● **EXERCISE DESCRIPTION**:
Your answer must be an exact copy of the lines below, from the first through the one with "초록색과 검정색이 섞인", with no pictures.

● **SOURCE DATA**:
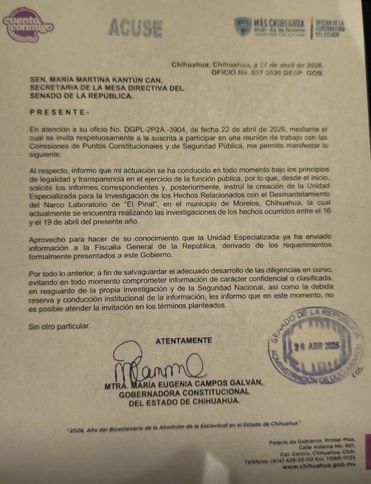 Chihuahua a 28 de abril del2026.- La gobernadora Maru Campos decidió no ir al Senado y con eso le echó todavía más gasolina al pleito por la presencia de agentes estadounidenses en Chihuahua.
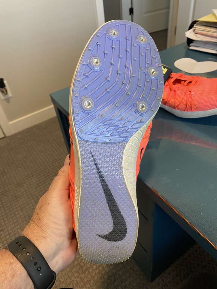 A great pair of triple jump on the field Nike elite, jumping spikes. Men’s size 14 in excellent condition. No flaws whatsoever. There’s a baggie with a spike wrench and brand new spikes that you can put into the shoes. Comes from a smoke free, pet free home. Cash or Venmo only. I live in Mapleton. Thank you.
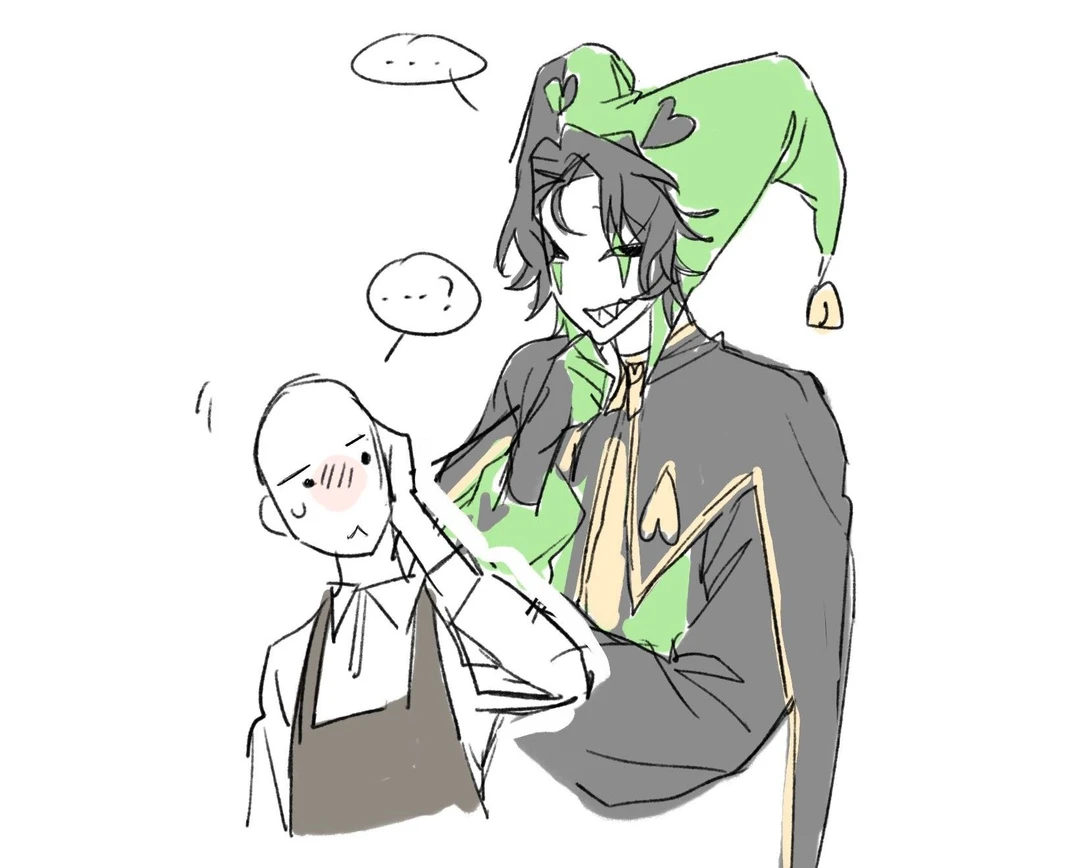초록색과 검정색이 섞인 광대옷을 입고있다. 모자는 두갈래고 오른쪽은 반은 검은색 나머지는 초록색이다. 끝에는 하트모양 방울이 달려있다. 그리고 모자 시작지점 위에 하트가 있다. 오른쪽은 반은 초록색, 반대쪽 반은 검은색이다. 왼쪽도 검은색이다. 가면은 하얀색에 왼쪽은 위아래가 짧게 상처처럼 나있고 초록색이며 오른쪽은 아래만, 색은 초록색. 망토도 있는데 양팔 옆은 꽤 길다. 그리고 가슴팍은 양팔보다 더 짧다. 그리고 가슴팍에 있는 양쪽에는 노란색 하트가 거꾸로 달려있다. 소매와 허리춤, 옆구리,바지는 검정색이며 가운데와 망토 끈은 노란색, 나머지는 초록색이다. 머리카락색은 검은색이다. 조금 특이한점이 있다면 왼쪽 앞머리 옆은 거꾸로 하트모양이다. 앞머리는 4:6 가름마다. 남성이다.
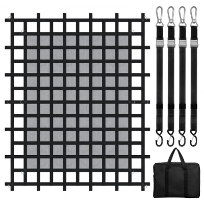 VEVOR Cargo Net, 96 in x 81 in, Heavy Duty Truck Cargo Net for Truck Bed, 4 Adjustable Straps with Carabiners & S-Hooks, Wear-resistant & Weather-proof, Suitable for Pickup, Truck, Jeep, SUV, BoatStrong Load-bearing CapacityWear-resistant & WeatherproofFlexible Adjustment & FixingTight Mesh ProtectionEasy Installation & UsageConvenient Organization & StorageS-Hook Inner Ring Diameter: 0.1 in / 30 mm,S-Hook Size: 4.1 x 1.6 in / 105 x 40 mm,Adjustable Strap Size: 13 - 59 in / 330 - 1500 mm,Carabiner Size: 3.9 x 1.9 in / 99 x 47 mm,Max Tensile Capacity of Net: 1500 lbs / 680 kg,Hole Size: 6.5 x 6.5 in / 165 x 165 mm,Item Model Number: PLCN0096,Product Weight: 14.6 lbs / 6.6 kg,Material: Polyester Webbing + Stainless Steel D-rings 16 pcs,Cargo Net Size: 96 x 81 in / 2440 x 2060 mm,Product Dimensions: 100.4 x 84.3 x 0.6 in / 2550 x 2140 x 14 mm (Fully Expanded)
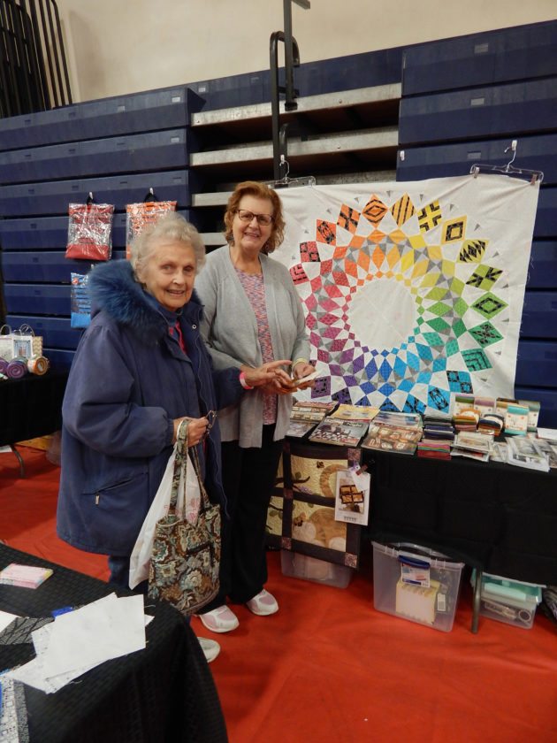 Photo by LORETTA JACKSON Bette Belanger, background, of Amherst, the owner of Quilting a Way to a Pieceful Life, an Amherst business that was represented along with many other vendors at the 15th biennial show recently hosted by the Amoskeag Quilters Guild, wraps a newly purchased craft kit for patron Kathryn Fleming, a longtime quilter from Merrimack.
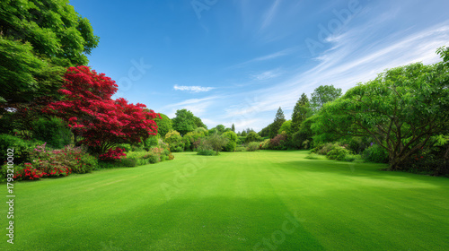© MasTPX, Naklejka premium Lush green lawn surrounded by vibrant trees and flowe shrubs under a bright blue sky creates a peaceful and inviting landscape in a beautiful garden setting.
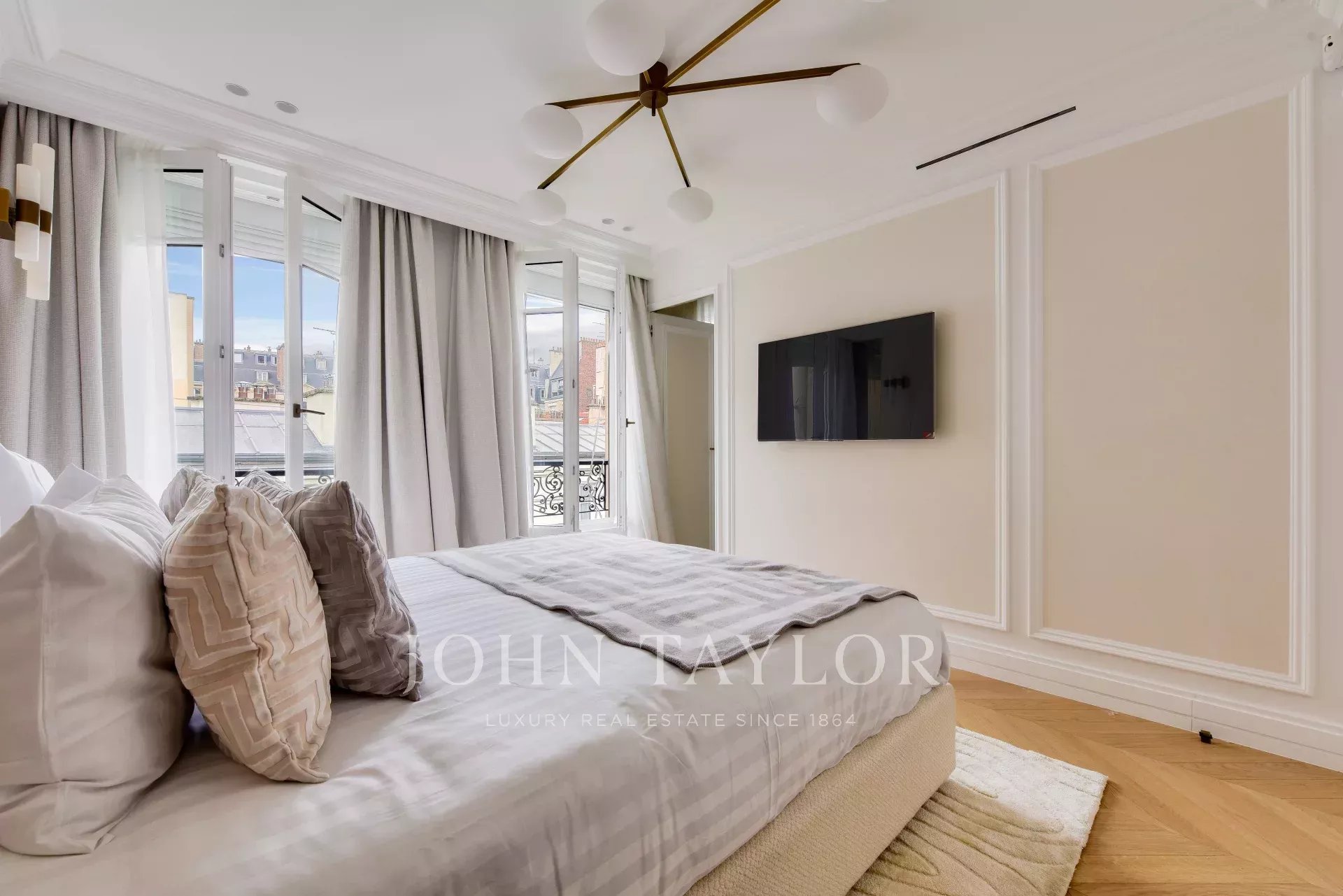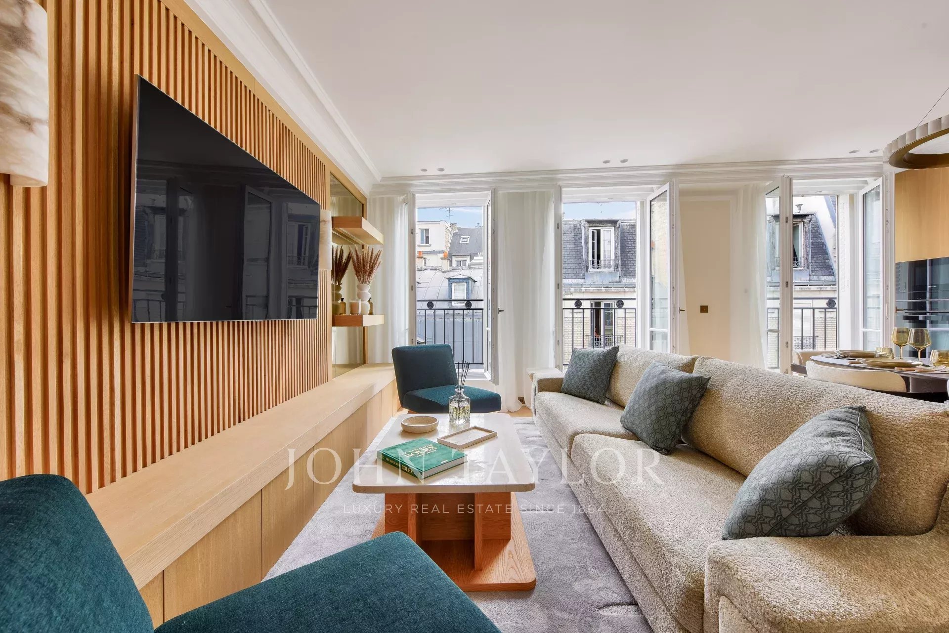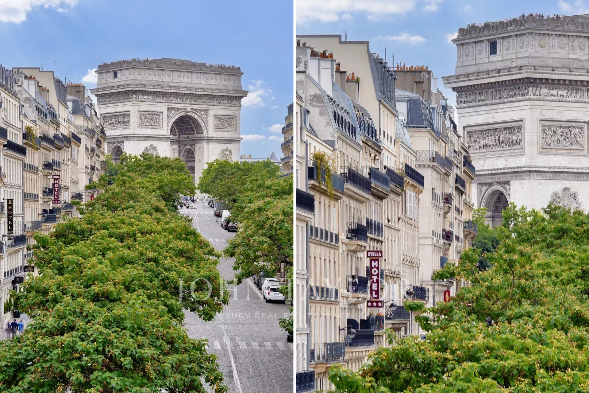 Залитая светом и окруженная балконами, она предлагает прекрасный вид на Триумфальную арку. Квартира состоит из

● **RESPONSE TO THE TASK**:
 Chihuahua a 28 de abril del2026.- La gobernadora Maru Campos decidió no ir al Senado y con eso le echó todavía más gasolina al pleito por la presencia de agentes estadounidenses en Chihuahua.
 A great pair of triple jump on the field Nike elite, jumping spikes. Men’s size 14 in excellent condition. No flaws whatsoever. There’s a baggie with a spike wrench and brand new spikes that you can put into the shoes. Comes from a smoke free, pet free home. Cash or Venmo only. I live in Mapleton. Thank you.
초록색과 검정색이 섞인 광대옷을 입고있다. 모자는 두갈래고 오른쪽은 반은 검은색 나머지는 초록색이다. 끝에는 하트모양 방울이 달려있다. 그리고 모자 시작지점 위에 하트가 있다. 오른쪽은 반은 초록색, 반대쪽 반은 검은색이다. 왼쪽도 검은색이다. 가면은 하얀색에 왼쪽은 위아래가 짧게 상처처럼 나있고 초록색이며 오른쪽은 아래만, 색은 초록색. 망토도 있는데 양팔 옆은 꽤 길다. 그리고 가슴팍은 양팔보다 더 짧다. 그리고 가슴팍에 있는 양쪽에는 노란색 하트가 거꾸로 달려있다. 소매와 허리춤, 옆구리,바지는 검정색이며 가운데와 망토 끈은 노란색, 나머지는 초록색이다. 머리카락색은 검은색이다. 조금 특이한점이 있다면 왼쪽 앞머리 옆은 거꾸로 하트모양이다. 앞머리는 4:6 가름마다. 남성이다.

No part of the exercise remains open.